8 October, 2007

How neural activity contains coded information

The electrically excitable cells in the nervous system that transport information, also called neurons, can produce short binary, all-or-nothing reaction-spikes of voltage, which travel as a pulse along the specialized extensions (axons) which causes the release of neurotransmitters. The spikes contain information about the world around the subject: what do I see, smell, hear, taste, feel, etc. But if also contains information about dilemmas of direction and assessment. Triggered spikes may mean different actions at different places and times in the brain. The rate of spiking in the central nervous system (brain and spinal cord) usually correlates with external properties, like color or an object. The peripheral nervous system has a different way of decoding spikes: more spikes correlate with more heat, louder sound or stronger muscle contraction.
When we go deeper in the brain, there are populations of neurons which are occupied with more complex, difficult to decrypt, properties, like reminiscence, judgments or desire.
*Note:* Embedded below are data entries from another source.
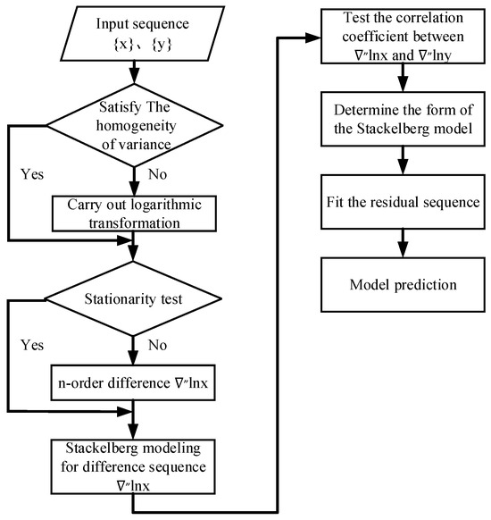 - A Stackelberg model is established for the input sequence after nth order difference {∇n ln yt}, as shown in Equation (5).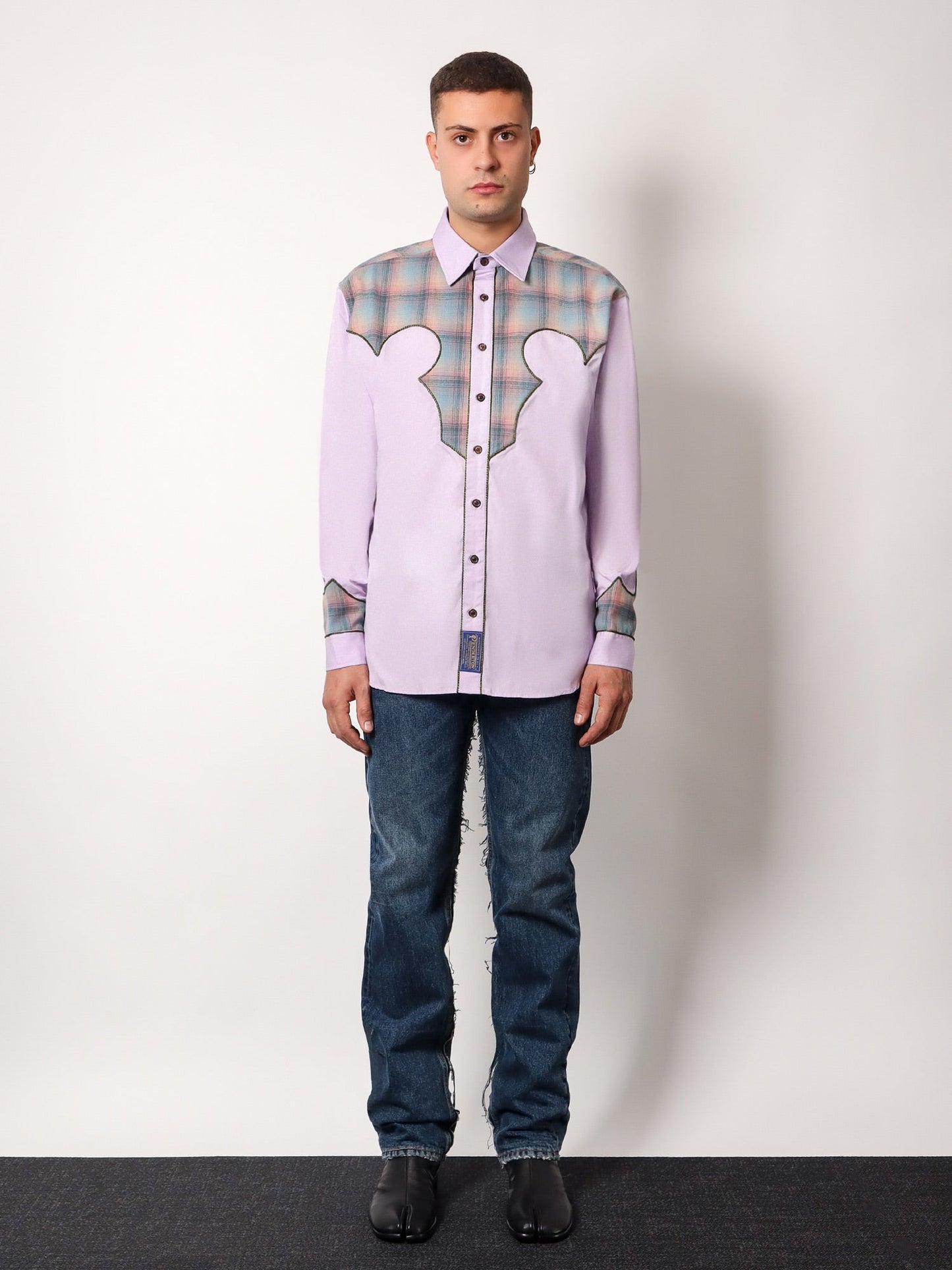 Cotton shirt with insert with madras motif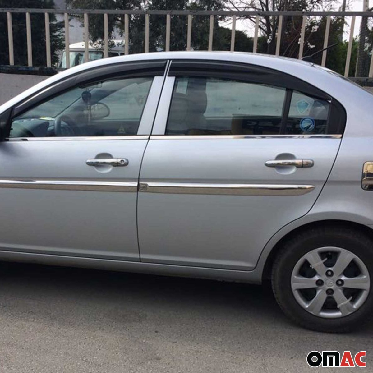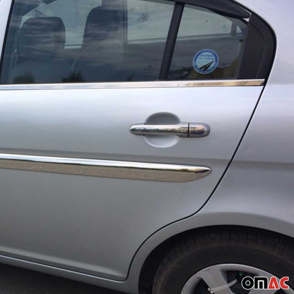 The Hyundai Accent Door Handle Cover - 4 Door by Omac USA, crafted with precision using H1 stainless steel, offers a gloss silver finish that enhances your car while adding a layer of protection. Specifically designed for the Hyundai Accent models from 2005 to 2011, this cover ensures a tailored fit that complements the sleek profile of your vehicle.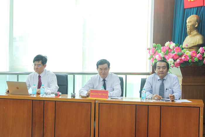 Đoàn chủ tọa gồm TS. Nguyễn Xuân Hiệp – Trưởng Khoa Thương mại và Du lịch; PGS.TS. Huỳnh Thế Nguyễn – Trưởng Khoa Quản trị kinh doanh; TS. Bảo Trung – Trưởng Khoa Marketing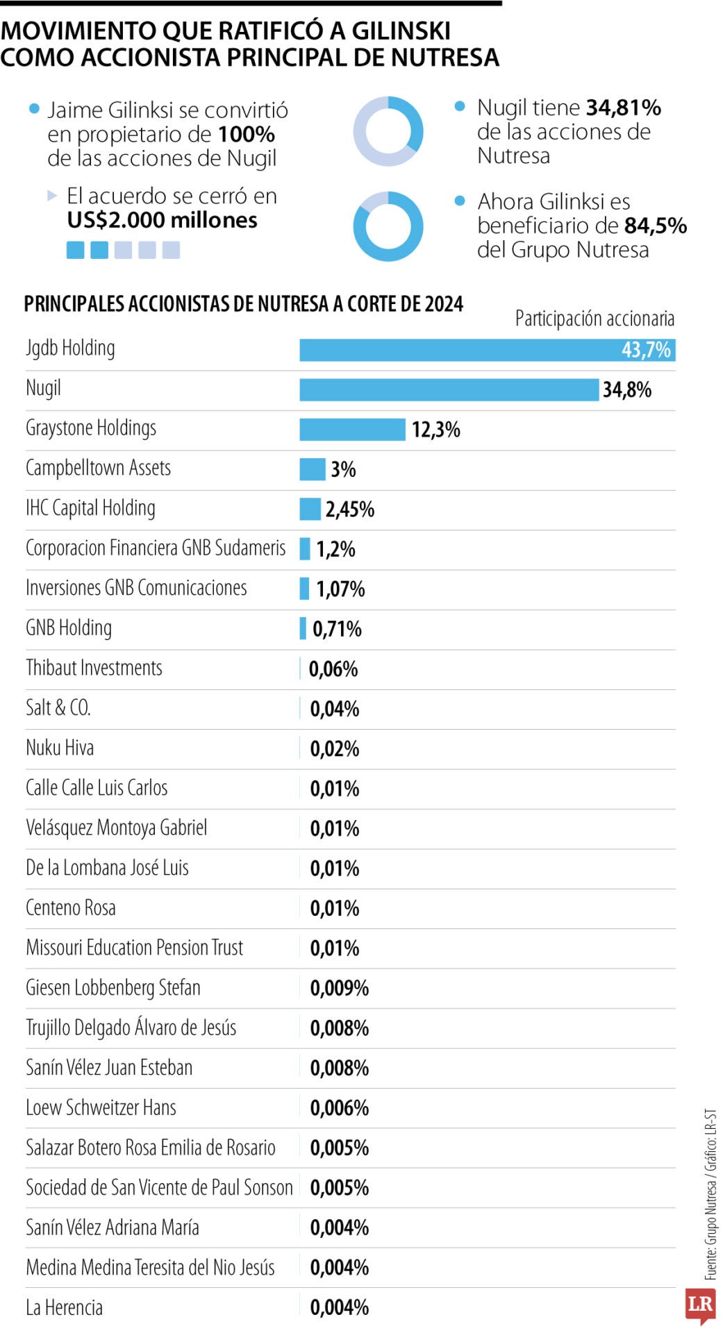 Para el cierre del acuerdo, organizaciones relacionadas con Gilinski gestionaron US$2.000 millones, y como Nugil tiene 34,81% de las acciones de Nutresa, Gilinski se consolidó como el mayor beneficiario de las acciones del Grupo con 84,5%.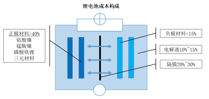 受不同技术路线的锂电池成本构成有所区别影响,负极材料在锂电池成本中的占比存在一定波动,约为10%左右,通常不会高于15%[1]。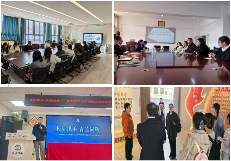 3月23日上午,外国语言文化学院2026届本科毕业生教育类实习见面会分别在昆明理工大学附属小学、昆明理工大学附属中学、昆明理工大学附属呈贡学校、昆明理工大学附属雨花学校四所实习基地举行。学院2026届43名实习学生开启教育类集中专业实习。

The general idea nowadays is that mental information is not stored in single neuron-cells, but in populations of these cells and patterns of their activity. Current technology (for example inserting fine-electrodes directly in the brain) however is not equipped to measure several thousand neurons at once. Even one neuron is difficult to measure, for a simple neuron in the cortex may be connected with 10,000 other neurons.

Glial cells
Glial cells

Even though neuron-cells are the most studied, there may be other possibilities of informations transporters. For example glial-cells, which are poorly understood brain-cells that are 10 times as common as neurons. Other possibilities are different kinds of signaling mechanisms between cells involving gases and peptides, or biochemical processes located inside cells.